By | September 9, 2013

Introduction to Machine Learning (2ed), by Ethem Alpaydin, MIT Press, 2010. ISBN 0-262-01243-X.

This book provides students, researchers, and developers a comprehensive introduction to the machine learning techniques. It is structured primarily as coursebook, which is a valuable teaching textbook for graduates or undergraduates. This book is also a good resources for self-study by researches and developers, but they have to be familiar with AI and advanced mathematics.

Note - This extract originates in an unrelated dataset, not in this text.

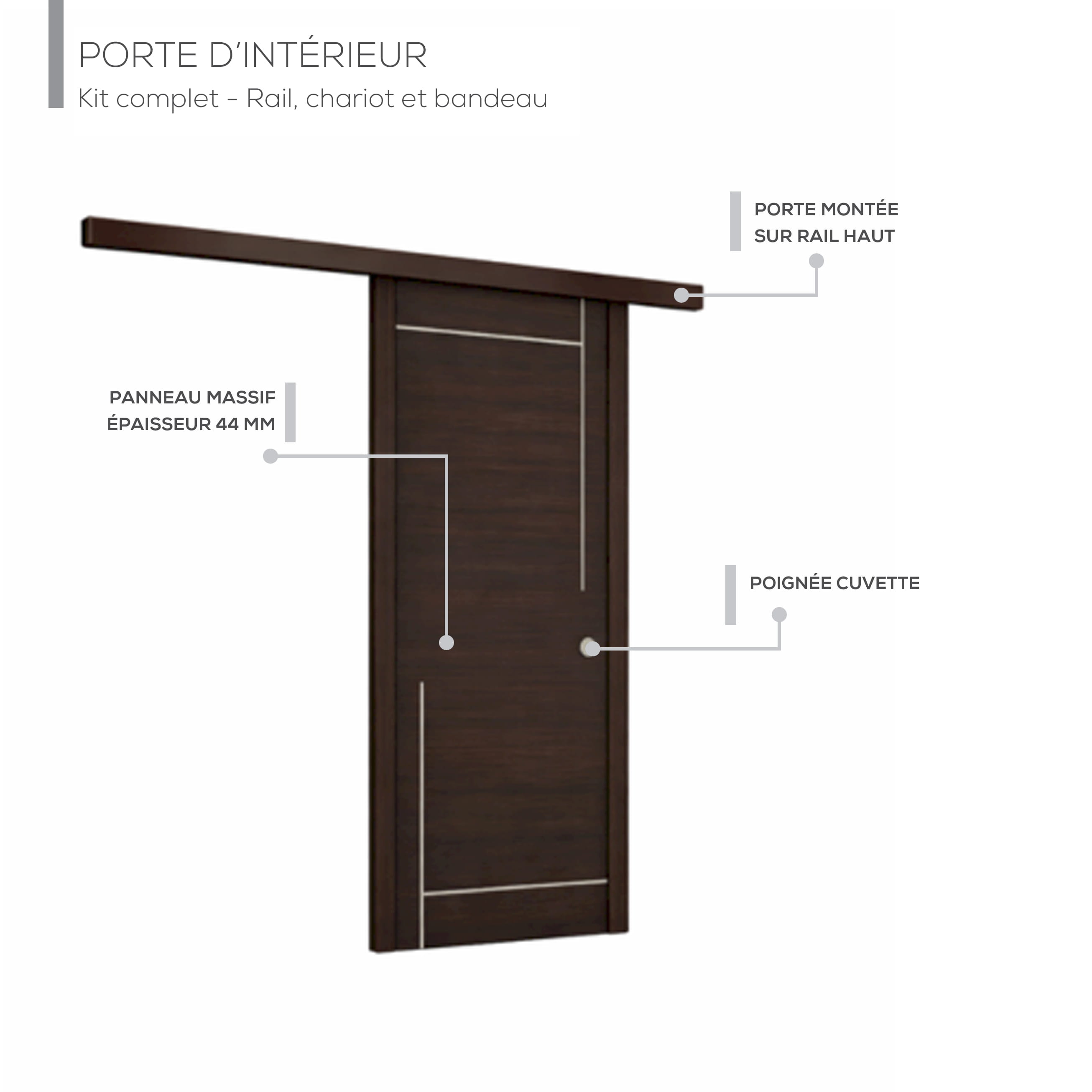 Montée sur rail extérieur avec bandeau en applique, elle assure une ouverture fluide tout en dissimulant le mécanisme pour un rendu esthétique et soigné. Grâce à sa poignée encastrée, la porte conserve une surface plane et épurée, parfaite pour les espaces restreints.

This book begins with an introduction chapter, followed by 18 chapters plus an appendix. Each chapter presents a stand-alone topic, beginning with a brief introduction and ending with notes. Therefore, the readers can quickly obtain an overview for the topic and catch the possible direction to further development in this subject area. The book covers a variety of machine learning techniques: supervised and unsupervised learning, parametric and nonparametric methods. All of these are followed by methods of how to assess and compare classification algorithms, combine multiple learners, and reinforce learning procedure.

As a book dealing with machine learning, it presents a varied collection of the different programming techniques; however some topics are not well organized. In Bayesian decision theory, the multiple inputs and outputs case is a complex area, but this chapter only briefly mentions the preliminary knowledge. In chapter 3, Naive Bayes classifier is also a really important classifier, but it is not given the amount of space that it deserves. Chapter 6 has a section on linear discriminate analysis (6.6), which is better to located in Chapter 10.

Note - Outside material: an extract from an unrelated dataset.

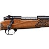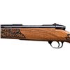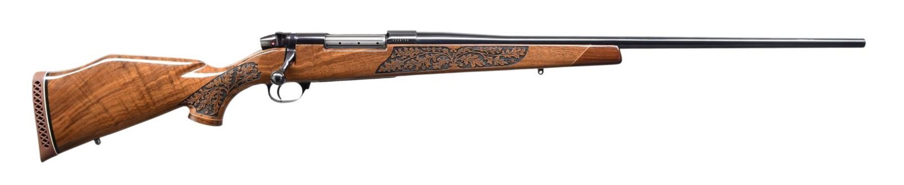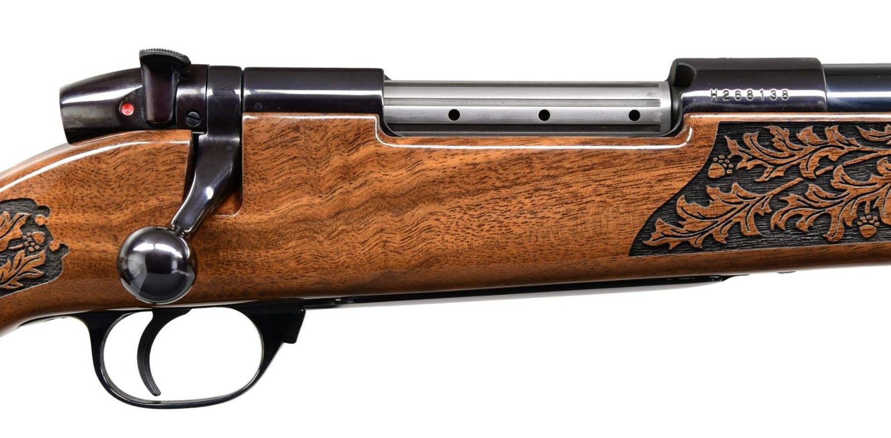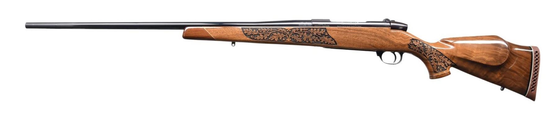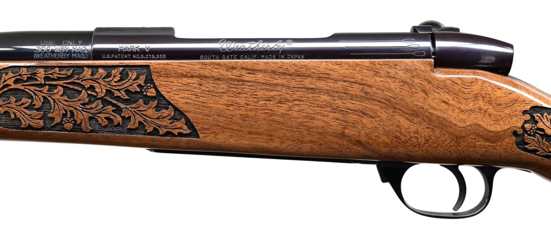 Cal. 300 Wby Mag. S# H268138. Bbl. 26 1/4". Mark V Lazermark bolt action rifle, mfg. in Japan and imported/retailed by Weatherby. Left side of bbl. is marked "USE ONLY/ .300 WBY MAG./ (WEATHERBY MAG.)" at the breech. Left side of the receiver is marked "MARK V", followed by the Weatherby trademark logo above Weatherby's importer information and "MADE IN JAPAN", with the S# marked on the right side of the chamber. Metal components exhibit a lustrous blue finish overall, save for the aluminum trigger guard, which shows a glossy black finish. Wood Monte Carlo pistol grip buttstock features oak leaf and acorn relief engraved panels on either side of the grip and forearm. CONDITION: metal components retain virtually all of their original factory finishes, exhibiting few superficial handling marks. Mirror bore, exhibiting well-defined rifling throughout. Stock is excellent overall. (24-1844/MLW). MODERN. $1,200-1,800.

Generally, examples present at the end of each chapter are often too simple. They lack some mathematical problems which can only appear when the size of examples is relative large. Furthermore, for the list of reference at the end of each chapter, it is disappointing that almost all references are dated from 2000 or earlier, but the publication of this book is 2010.

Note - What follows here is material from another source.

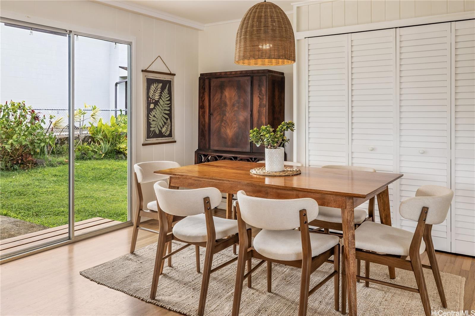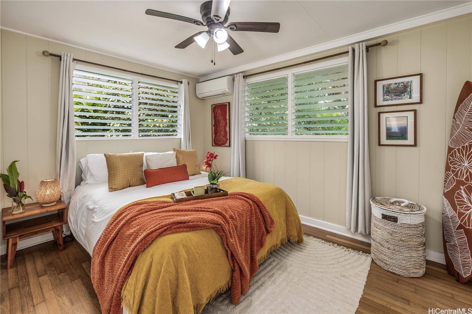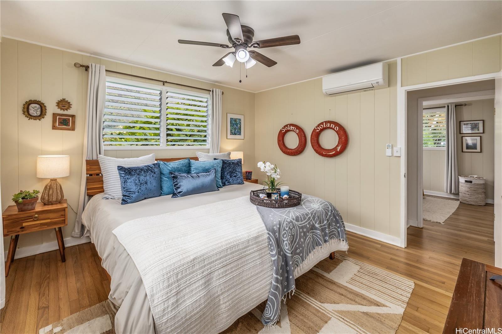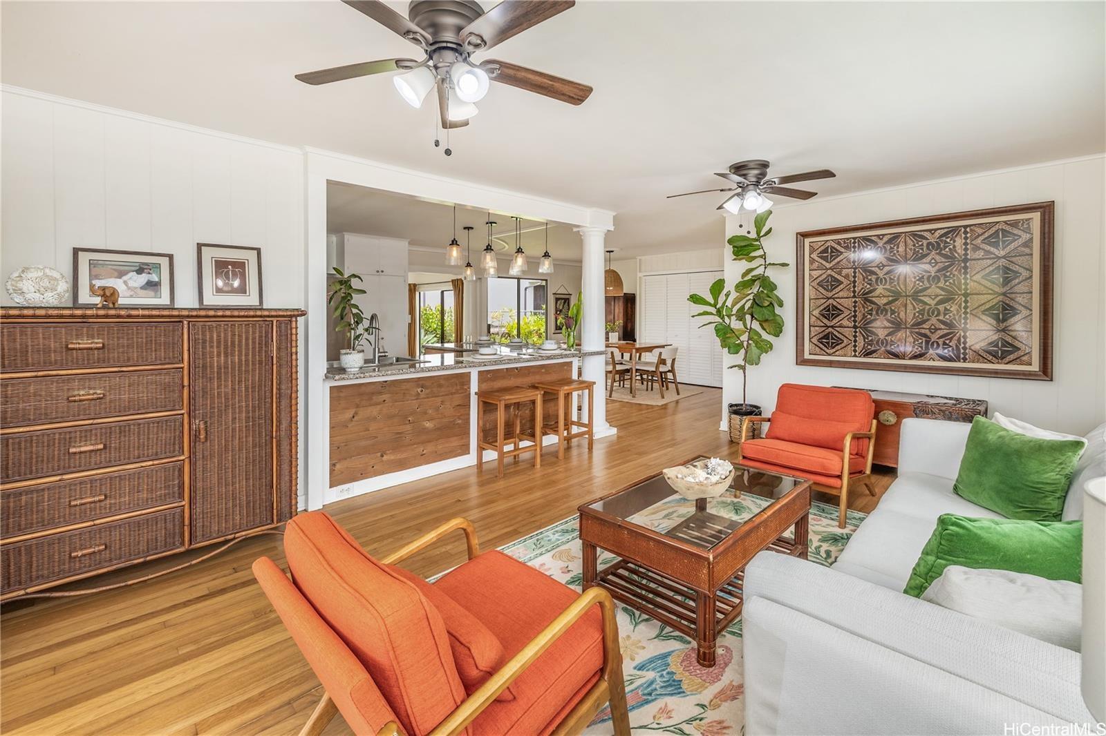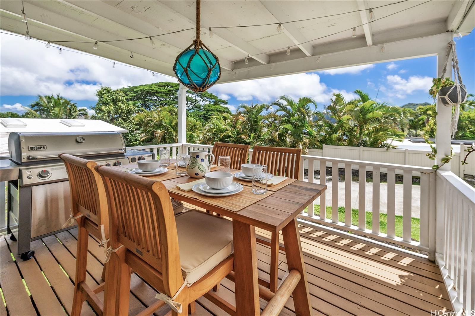 Gorgeous Ko`olau mountain views from this double sized property! The expansive, fenced, lush backyard features fruiting avocado and ulu trees. Two lots, which were purchased separately, were recently combined, creating one TMK. The wonderful front covered lanai opens to the living room and kitchen, perfect for indoor/outdoor living. The kitchen, in the heart of the home, offers expansive countertop seating for 5, a separate dining area, and views into the living room. The entertainment room is just off the kitchen area with large windows and a sliding door to the vibrant backyard. The main primary bedroom suite is on the top floor with incredible views of the striking mountains from the large windows, a high ceiling, split AC, ceiling fan, and en-suite bath. The main level features hardwood floors, great breezes, a second primary bedroom suite with an en-suite bath and walk-in closet, and two other bedrooms, all of which have split AC, hardwood floors, and ceiling fans. This wonderful home is conveniently located close to Kaneohe town, Kailua beaches, a dog park, Windward Mall, Le Jardin Academy, freeway access, and beautiful Ho`omaluhia Botanical Gardens. A must-see home!

(Mitchell, 1997) is the closest substitute for this book, and worth keeping in your library. (Russell and Norvig, 2003) covers important aspects of machine learning as well as many related concepts such as knowledge representation, and different search heuristics. Although much of this content has earlier been covered by (Mitchell, 1997) and less so by (Russell and Norvig, 2003), this book still stands out.

References

  1. Mitchell, T. M. (1997). Machine Learning. McGraw-Hill, New York.
  2. Russell, S. J. and Norvig, P. (2003). Artificial Intelligence: A Modern Approach (2ed). Prentice Hall.